Just to clarify the terminology, erislover is not using permutations; there are 216 combinations. The original proposal also used combinations, not permutations.
Let’s say you have a bag of black and white marbles, and there are 2 of each color. You want to know all the combinations of 3 marbles you can select (without replacement–that is, you draw three marbles out at a time). There are only two combinations:
BBW
BWW
With combinations, the order isn’t considered. BBW is the same combination as BWB.
If you want to determine how many permutations you can have, you have to consider order, and there are 6 permutations:
BBW
BWB
WBB
WWB
WBW
BWW
In erislover’s case, we are dealing with probabilities of the throw of three dice, each with 6 possible faces. We are identifying combinations because we are listing all the possible ways to select one number from each die, rather than permutations, where you would be taking a given set of numbers and seeing how many different ways you can rearrange them.
erislover’s initial strategy of selecting from the set of all possible rolls from all three dice also used combinations (not permutations!) of three numbers selected from a set of 18. The reason it is combinations is that each number appears in the set 3 times, and it matters which 2 you selected if you select a 2. (Well, using the term “set” here is playing fast and loose because elements in a set must be distinct, IIRC. You can think of this as a bag of numbered balls.)

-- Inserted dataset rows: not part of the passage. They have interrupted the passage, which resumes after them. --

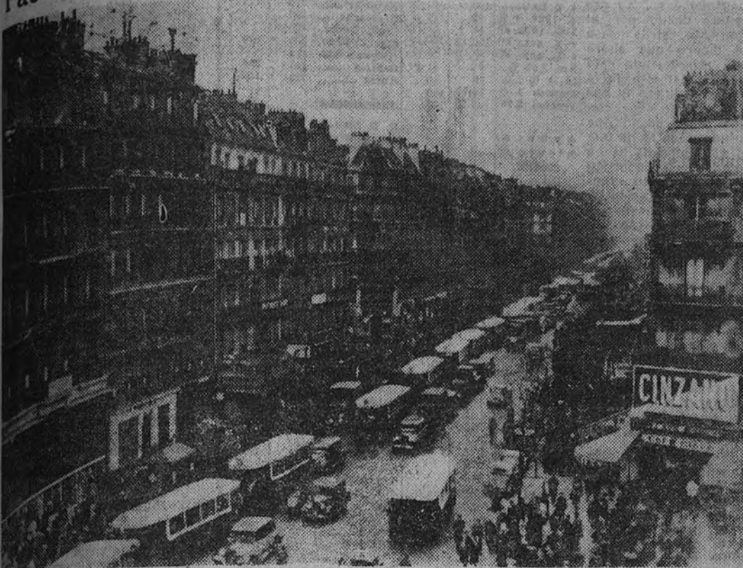
Una de las arterias donde la vida comercial de París late con mayor intensidad es el Boulevard Magenta, cuya confluencia con la no menos activa rue Lafayette reproduce nuestra fotografía. Al fondo, la Lussitana del Sacre Coeur, de Montmartre

Apasiona a sus habitantes la pugna formidable entre sus grandes almacenes Vestidos, joyas, perfumes y chacinería para las Pascuas, maravillas de los escaparates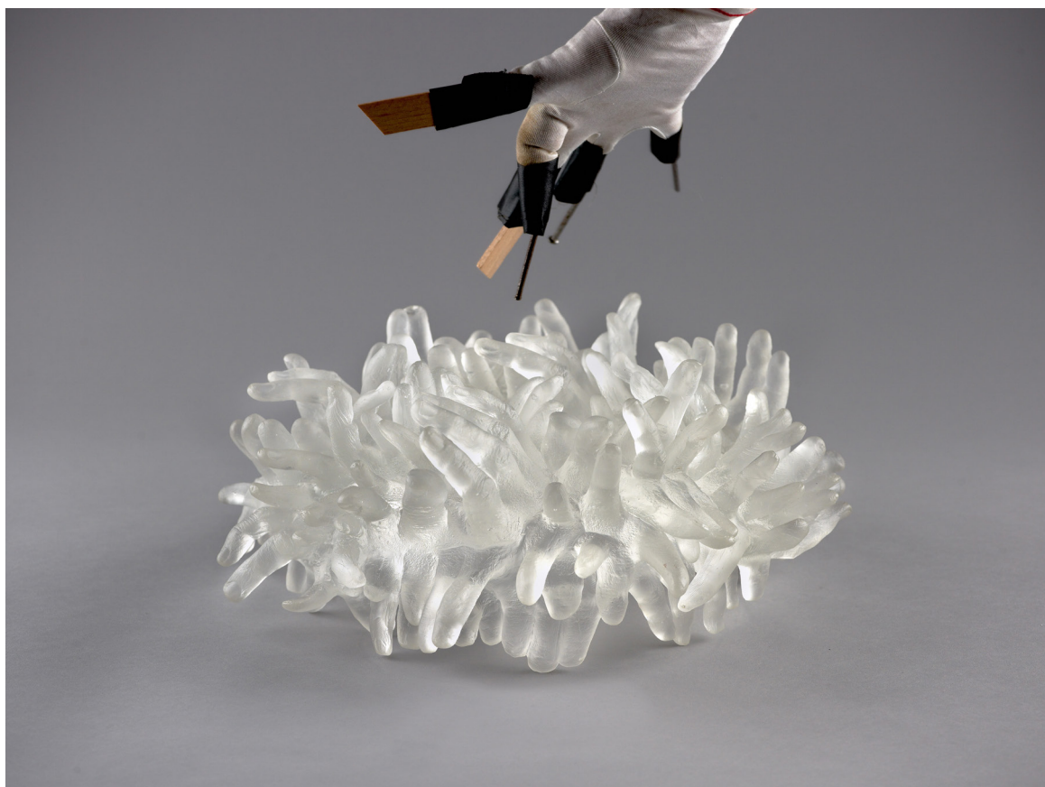
chantalpetit, physis, sculpture en verre, 2009

Son œuvre fait partie de collections publiques et privées - FNAC, Musée national d'art moderne, musée d'art moderne de Stockholm, collection Antoine de Galbert etc... - et est présentée régulièrement en France et à l'étranger, notamment à La maison rouge, au FRAC Picardie, au musée d'art moderne de Saint Lô, au Bonnefantenmuseum de Maastricht.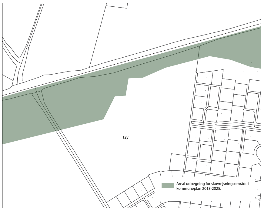
Nuværende afgrænsning skovrejsningsområde

Arealet indenfor lokalplanområdet, der herefter udpeges til skovrejsningsområde, vil blive beplantet i forbindelse med realiseringen af lokalplan 1088.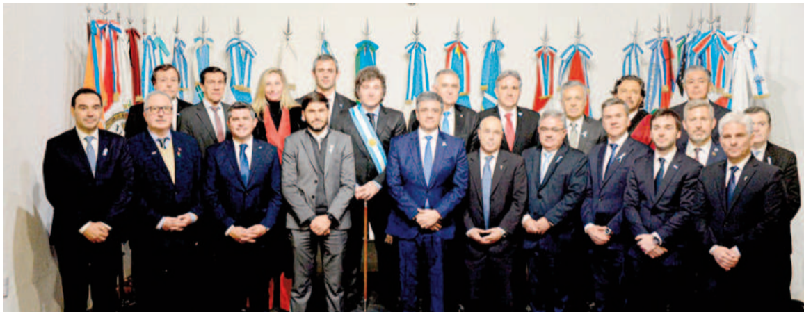
El presidente de la Nación junto a los demás firmantes del Pacto de Mayo.

El presidente valoró que a pesar de las diferencias los asistentes hayan suscripto el Acta “respondiendo al llamado que les hace el pueblo argentino”, y aseguró que “es sin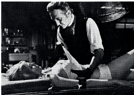
PETER CUSHING creates SUSAN DENBERG in 20th Century Fox release "FRANKENSTEIN CREATED WOMAN" • color by deluxe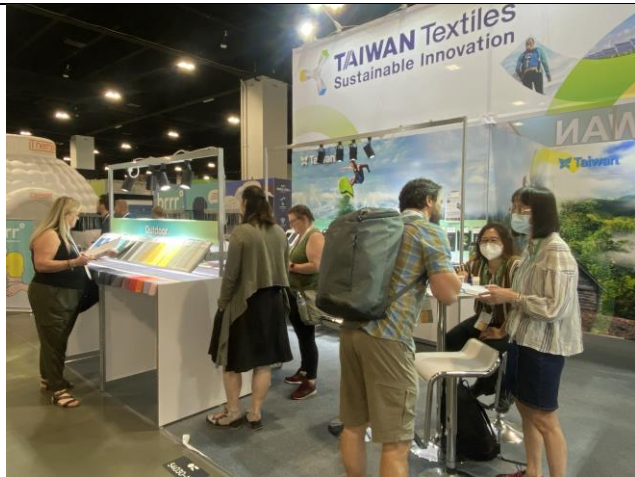
臺灣館形象區吸引買主蒐尋臺灣廠商展品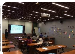
創新商業模式實驗室

Another way of thinking about this that will yield the same answer is that you have a bag of 6 numbered balls, and you can choose 3 with replacement. (You pick a ball, you put it back before picking another one.) What are all the possible ways to draw 3 balls, when the order matters? That is permutations, because order matters. I think that may be what erislover was thinking of when he described using permutation, but describing it as picking from a set of 18 didn’t match the description.
This can be an important distinction! If you draw two, rather than three, of the marbles, there are 4 combinations of marbles that are possible, but only 3 combinations of colors (one of which is twice as likely as either of the others).
My mistake, you are correct. And in fact, the formula that I applied your selection from a set of 16 numbers to get a total of 4,896 was the formula for permutations.